● TASK OBJECTIVE: Please reproduce exactly, and only, the lines from the one with "NAMI San Mateo" through the last line of the listing below, both ends included, leaving out the pictures.

[[ EXCERPTED DATA open ]]

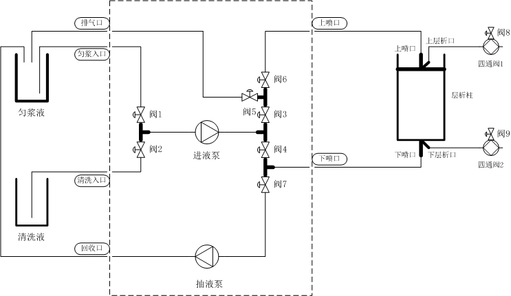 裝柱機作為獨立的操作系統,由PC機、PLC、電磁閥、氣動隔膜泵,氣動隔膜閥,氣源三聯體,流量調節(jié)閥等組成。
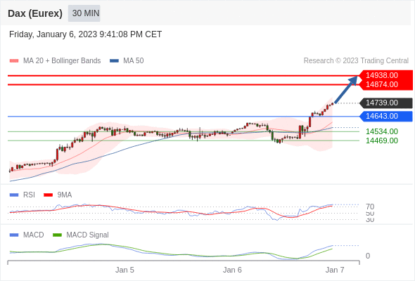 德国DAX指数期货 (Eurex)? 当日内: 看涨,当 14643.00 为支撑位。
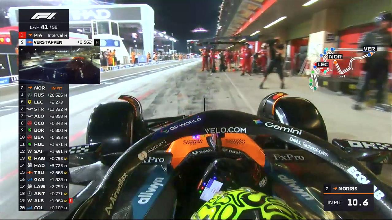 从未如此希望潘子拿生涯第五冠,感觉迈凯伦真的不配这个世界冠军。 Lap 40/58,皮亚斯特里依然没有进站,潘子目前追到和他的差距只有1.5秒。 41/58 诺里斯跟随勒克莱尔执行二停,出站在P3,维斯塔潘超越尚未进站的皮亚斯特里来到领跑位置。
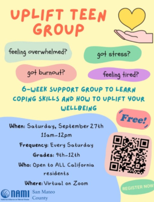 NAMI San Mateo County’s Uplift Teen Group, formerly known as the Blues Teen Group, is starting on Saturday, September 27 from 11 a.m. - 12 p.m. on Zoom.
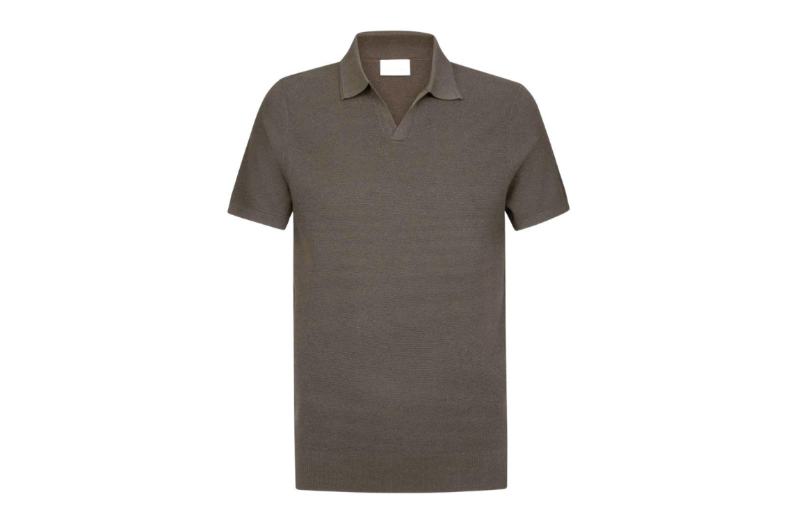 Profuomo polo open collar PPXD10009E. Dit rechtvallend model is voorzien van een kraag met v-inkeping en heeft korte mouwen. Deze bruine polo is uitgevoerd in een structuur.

[[ EXCERPTED DATA closed ]]

● TASK SOLUTION:
 NAMI San Mateo County’s Uplift Teen Group, formerly known as the Blues Teen Group, is starting on Saturday, September 27 from 11 a.m. - 12 p.m. on Zoom.
 Profuomo polo open collar PPXD10009E. Dit rechtvallend model is voorzien van een kraag met v-inkeping en heeft korte mouwen. Deze bruine polo is uitgevoerd in een structuur.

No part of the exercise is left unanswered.